# 125 walstad natural planted tank questions



## Barnsten (Jul 3, 2009)

The tank is not as heavily planted as I would like it to be, but I think the problem lies in the fact that the 4 x 65 watt CFL lights are about 26 inches away from the substrate, which is okay for the taller plants but the smaller plants like ground cover types are dying off.
Does anyone have any low light grown cover suggestions? I prefer either something grass like or at least fast growing of some sort  LOL.
I want something to help out-compete the black beard algae which is growing over the substrate and some of the ornaments. I plan on bleaching the ornaments but want to get a ground cover suggestion or two at the same time. Oh I should also mention that there is a lot of water flow on the tank as I have hillstream loaches and want to make sure they have enough oxygen. 
Here is a list approximate of what is in the tank now:
Corkscrew val's (invading the back side of the tank but looks so pretty).
Dwarf Lily with floating leaves only on one side of the tank, the fish seem to like hanging out under them so I didn't trim them.
2 or 3 crypt wendtii's
anubias nana I think
Another type of anubias with long slender leaves
Java moss growing on a piece of drift wood, as well as a java fern growing on one end.
A portion of what I think is narrow leaf chain sword, it has been suddenly turning read on the new leaves with the covering of the lily leaves, not sure if that is why.
One large sword (sorry do not know the type)
a rubin sword or two
and a few misc. swords that were unlabeled at the LFS 
a small portion of hornwort
An african fern but it's not the normal one listed on the internet so I'm not sure of it's real name, but it grows similar to to small type only long slender middle "fingers" on the leaves that grow babies at the tips. 
Oh a large crypt with larger green leaves, I would have to search the internet to find the name but it's fairly fast growing with new growth at the bottom.
I might have a few other swords in the tank that were also unlabeled at the LFS they are really good at that, I have just recently started ordering my plants on the internet instead, it's cheaper, LOL.

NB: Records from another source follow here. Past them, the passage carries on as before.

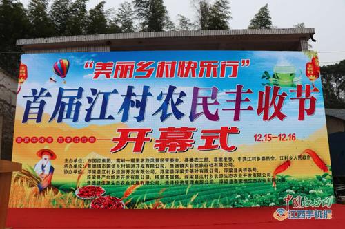 中国江西网景德镇讯 通讯员林宏报道:12月15日至16日,景德镇浮北山区江村乡李家村彩球飘荡,歌声飞扬,人头攒动,来自全市的2000多名游客兴致勃勃地参加“美丽乡村快乐行”首届江村农民丰收节活动。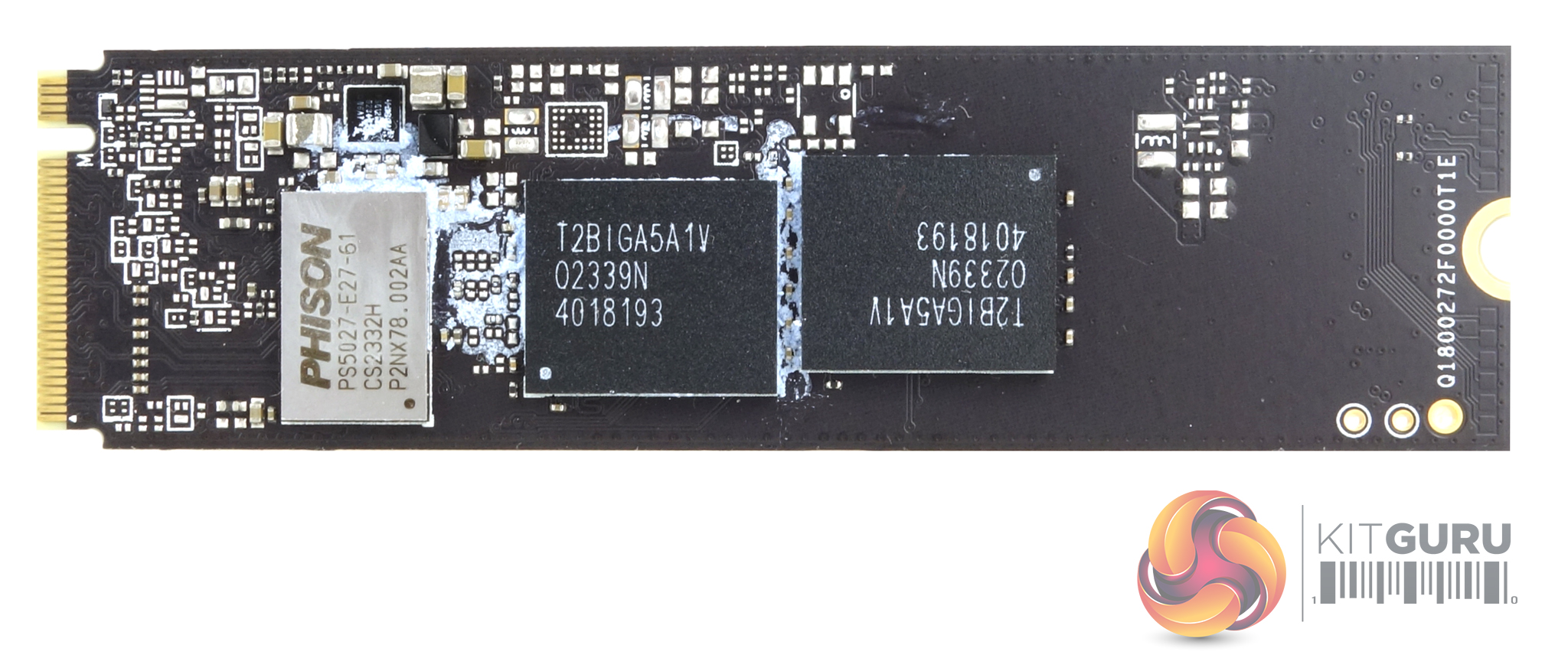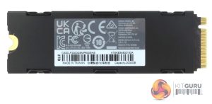 Under the heatsink sits the Phison PS5027-E27T controller controller along with two 1TB packages of Kioxia BiCS6 162-layer TLC NAND. Designed for DRAM-less operation, Phison's PS5027-E27T is a 4-channel controller built on a 12nm TSMC process. It uses single-CPU architecture (built-in ARM 32-bit Cortex-R5) and supports up to 8TB of both TLC or QLC NAND (Toggle 5.0 and ONFi 5.0 compliant) with transfer rates of up to 3600MT/s. Data reliability is provided by Phison's 5th generation LDPC ECC along with End-To-End Data Path Protection. It also supports AES 256-bit Encryption.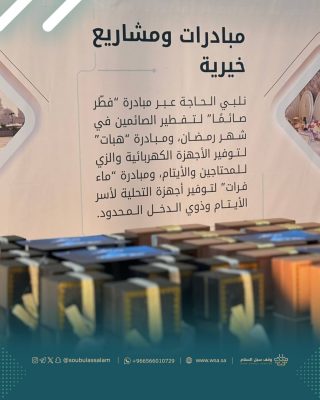 في ليلة بهيجة ومشهد احتفائي فخم بمدينة المصطفى ﷺ، اختتم وقف سبل السلام برامجه ومشاريعه لعام 1446–1447هـ، وذلك في حفل مميز أقيم تحت شعار “فيضٌ من النعم”، وذلك يوم الثلاثاء 13 محرّم 1447هـ الموافق 8 يوليو 2025 وبحضور عدد من القيادات النسائية والمهتمين بالعمل القرآني والخيري.

I feel like I'm missing something, LOL.
Oh the tank was originally set up late last November.
The tank does get some late afternoon sunlight but in Alaska that doesn't happen on a regular basis  LOL


----------



## melauriga (Mar 20, 2009)

I use dwarf sag for a fast spreading grassy low light ground cover. Another good low light foreground plant is Marsilea.


----------



## mudboots (Jun 24, 2009)

Echinodorus tenellus or one of the dwarf sagittaria, or even Juncus repens will do well with your lighting (4x65 gives you about 2.1wpg). Check out the plant finder link on the home page and look for forground plants and each one will have a brief description of care requirements. You may find something you really like that you hadn't previously considered.


----------



## Barnsten (Jul 3, 2009)

I have a person offering me these plant packs, will they work with my tanks or not?
I have a 55 gallon NPT with 2 x 65 watt CFL lighting and 2 x 65 watt actinics which I'm going to replace with more daylight bulbs I think.
And I have a 55 gallon NPT with 2 x ? watt Fluorescent lights that come from the walmart kits, so they aren't that bright I'm sure.
Then I have the 125 listed above.


----------



## Barnsten (Jul 3, 2009)

LOL forgot to list the plants:


5 stems of Hygro. sp. 'Porto Velho'
10 plants of Crypt parva
20+ nodes of Eleocharis sp 'Belem' 
3 stems of dwarf lobelia cardinalis
1x1" patch of Utricularia Graminifolia (UG)
1 crypt affinis
1 crypt green gecko
2 crowns of downoi


...for $35. Or...


5 stems of Hygro. sp. 'Porto Velho'
10 plants of Crypt parva
20+ nodes of Eleocharis sp 'Belem' 
1x1" patch of Utricularia Graminifolia (UG)

...for $25.


----------



## Barnsten (Jul 3, 2009)

Okay so no one responded, I'm getting the first plant package that was offered above, will see how it goes in my 55 gallon NPT for my Angel's, will put anything needing higher lighting in my 55 gallon NPT community tank as it has a much higher lighting system.


----------



## mudboots (Jun 24, 2009)

I don't know anything about the lobelia, utricularia, or downoi, but the others should do just fine in the lighting you mentioned.


----------



## Barnsten (Jul 3, 2009)

Barnsten said:


> LOL forgot to list the plants:
> 
> 5 stems of Hygro. sp. 'Porto Velho'
> 10 plants of Crypt parva
> ...


I did some research that I could find, most of the plants look to be imported from other countries originally so info in the US is limited, but most of them are medium light requiring plants, as well as a nutritious substrate, which I think I can manage.
I got in a bunch of flourishtabs for fertilizing, I've read that using the liquid ones just gives an algae bloom and I didn't want that to happen, so i got the tablets instead. Hopefully I didn't just waste my money, LOL.


----------



## Barnsten (Jul 3, 2009)

I also upped the lighting in the 55 gallon community tank to 4 x 65 watts of CFL lighting, I'm hoping that'll be enough for the ground cover types I'm looking at getting, I REALLY want HC, LOL.
Am I wanting too hard?


----------